The one thing you absolutely must not do is claim that you are something you are not. This can be claiming to have a skill you don't have, experience you didn't get or a qualification you don't have. This kind of thing can be found out pretty easily these days, often with a simple Google search. This also means that you should be careful about what you put online, as a potential employer will find something controversial and it will harm your chances of employment.

Be careful about bragging too much in your application. New Zealand culture especially values humility and discourages bragging. It's enough to list your accomplishments, you don't need to decorate them with adjectives like "exceptional" or "outstanding". You might think you're great, but so does everyone else applying for that job.

If your application has convinced the reviewers that you could do the job, you will be invited to an interview. These used to be face-to-face or over the phone, but now technology is good enough that an online interview is just as good. Make sure that you are on time to the interview, and do your homework first! This means finding out as much as you can about the institution, the role that you are interviewing for, and the people doing the interview. 

The purpose of an interview is to answer two questions:
  1. Can you really do what you claim in your application?
  2. Could I stand working with you?
Regarding the first question, you can expect to be asked some questions related to the topics you claim knowledge about. I always liked to gently probe an applicant's knowledge with some questions about specific technologies or approaches. If you don't understand a question, it is better to ask for clarification than to burble on with a clueless half-answer. If you don't know the answer, it is better to just say that you don't know but could find out. 

Regarding the second question, that comes from your attitude during the interview, and the way you answer questions. I once interviewed someone who was very well qualified and had a lot of experience, but their attitude during the entire interview was just screaming that they didn't want to be there. They didn't get the position, because I knew that if I had hired them, in six months either I would be trying to get rid of them, or they would move on to someplace else.  

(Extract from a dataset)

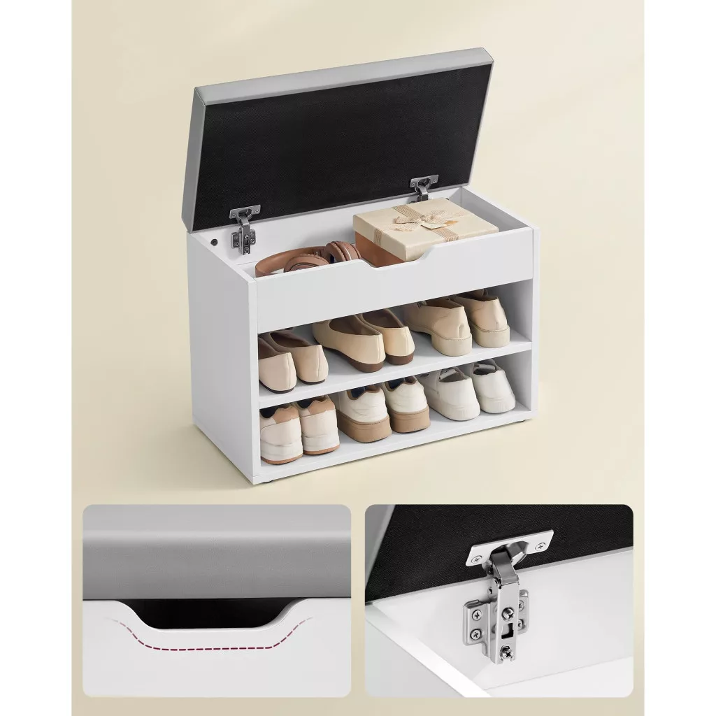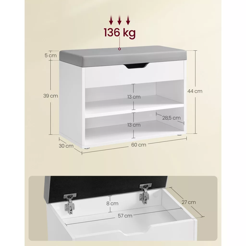 Ez a Cipőtároló pad, párnázott ülőfelülettel, három szinttel, felnyitható, felhő tökéletes megoldás a rend és a kényelem megteremtésére otthonában. Az alábbi előnyöket kínálja:

Personally, the three qualities I value the most in someone I work with are:
  1. Competence
  2. Hard work
  3. Straightforwardness
Applicants who could demonstrate those three qualities in an interview were much more likely to be successful than those who did not. Regarding the third quality, straightforwardness, I always asked a "filter" question to establish this quality. An applicant who answered that question correctly would probably get the job. An applicant who gave the wrong answer, would not.

When all of the interviews have been completed, a decision will be made about which applicant will receive an offer. Do not email or otherwise bug the people who interviewed you about the outcome! You will just annoy them.

If the decision goes your way, then you will receive an offer. This means that they want to hire you, so now is the time to negotiate the conditions of the position. Don't be afraid to ask for a bit more money, they want you, so it doesn't hurt to ask. The worst they will say is "no", they are extremely unlikely to withdraw the job offer just because you asked for more money. 

If you end up not getting an offer, it doesn't mean you're not good at what you do, or that people don't like you. It just means that there was someone there who was better than you for that particular role. There have been cases in the past where someone didn't even get to the interview stage the first time they applied for a job with me, but when they applied for another position later on, they got the job. 

Job hunting in general is brutal and at times demoralising, and more so in academia. There are many more qualified people than there are permanent academic positions, so someone is always going to miss out. Hold on to the reasons why you want to be an academic, and keep applying.